Tree#

A tree is a graph data structure with a root node and descendents called child nodes that form a hierarchy. One of the constraints of this model is that each node can only have a single parent node.

Grow a Tree#

Insert a root node and recursively split the dataset until a terminating condition is met:

public grow(Dataset $dataset) : void

Example

use Rubix\ML\Datasets\Labeled;

// Import samples and labels

$dataset = new Labeled($samples, $labels);

$tree->grow($dataset);

Properties#

Return the height of the tree i.e. the number of levels:

public height() : int

Is the tree bare?

public bare() : bool

Example

var_dump($tree->height());
var_dump($tree->bare());
int(10)

bool(false)

Destroy the Tree#

Remove the root node and its descendents from the tree:

public destroy() : void

Binary Tree#

Binary Trees are trees that are made up of nodes that have a maximum of 2 children (left and right). In machine learning, they are used to recursively split a dataset such as to learn a decision tree (a type of rule-based model) or to provide efficient nearest neighbor queries.

Balance#

Return the balance factor of the tree.
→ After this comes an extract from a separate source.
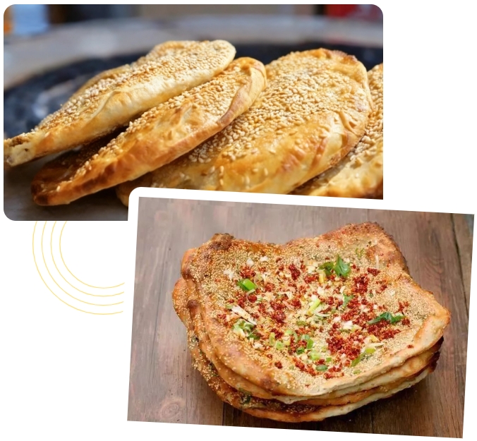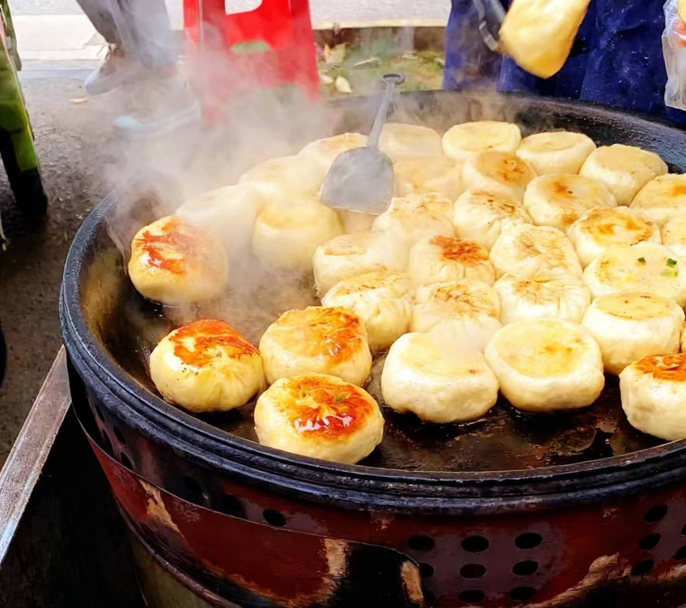 长江埠老街的砂子馍,是揣在手里的温暖。薄薄的面饼,埋进热砂里“炕”熟,外皮焦香,内里酥软,吃起来口感丰富,咸香四溢。不远处的水汽包子铺,铁盖掀开时白雾裹着肉香扑脸——包子用清水混植物油“炕”熟,外皮金黄带脆,咬开是鲜美的萝卜肉馅,趁热吃,暖手又暖胃。

A balanced tree will have a factor of 0 whereas an imbalanced tree will either be positive or negative indicating the direction and degree of the imbalance.

public balance() : int

Example

var_dump($tree->balance());
int(-1)

BST#

Binary Search Trees (BSTs) are binary tree structures that provide a fast O(log n) search API. They are used to power machine learning algorithms such as decision trees.

Search the tree for a leaf node or return null if not found:

public search(array $sample) : Leaf

Spatial#

Spatial trees are constructed in such a way as to maximize performance on spatial queries such as nearest neighbor or radius searches. They do so by embedding spatial metadata within each node that enable fast search and pruning.

Nearest Neighbors#

Run a k nearest neighbors search and return the samples, labels, and distances in a 3-tuple:

public nearest(array $sample, int $k) : array;

Example

[$samples, $labels, $distances] = $tree->nearest($sample, 5);

Radius Query#

Return all samples, labels, and distances within a given radius of a sample:

public range(array $sample, float $radius) : array

Example

[$samples, $labels, $distances] = $tree->range($sample, 25.0);

Decision Tree#

A learner that induces a hierarchy of conditional control statements (called decision rules) is called a Decision Tree. A Decision Tree can be visualized as a flowchart in which each internal node represents a binary comparison on a particular feature (ex. height < 1.8288 or height >= 1.8288), and each leaf node represents the final outcome of a decision.

Search#

Search the decision tree for a leaf node and return it:

public search(array $sample) : ?Outcome

Example

$node = $tree->search($sample);

Feature Importances#

Return an array indexed by feature column that contains the normalized importance score of that feature:

public featureImportances() : array

Example

var_dump($tree->featureImpartances());
array(3) {
  [0]=> float(0)
  [1]=> float(0.46581631418525)
  [2]=> float(0.53418368581475)
}

Return a human readable text representation of the decision tree rules:

public rules() : string

Example

echo $tree->rules();
|--- Column_2 < 143.69695373
|---|--- Column_1 < 65.12118525
|---|---|--- Outcome=red Impurity=0
|---|--- Column_1 >= 65.12118525
|---|---|--- Outcome=green Impurity=0.0790621
|--- Column_2 >= 143.69695373
|---|--- Outcome=blue Impurity=0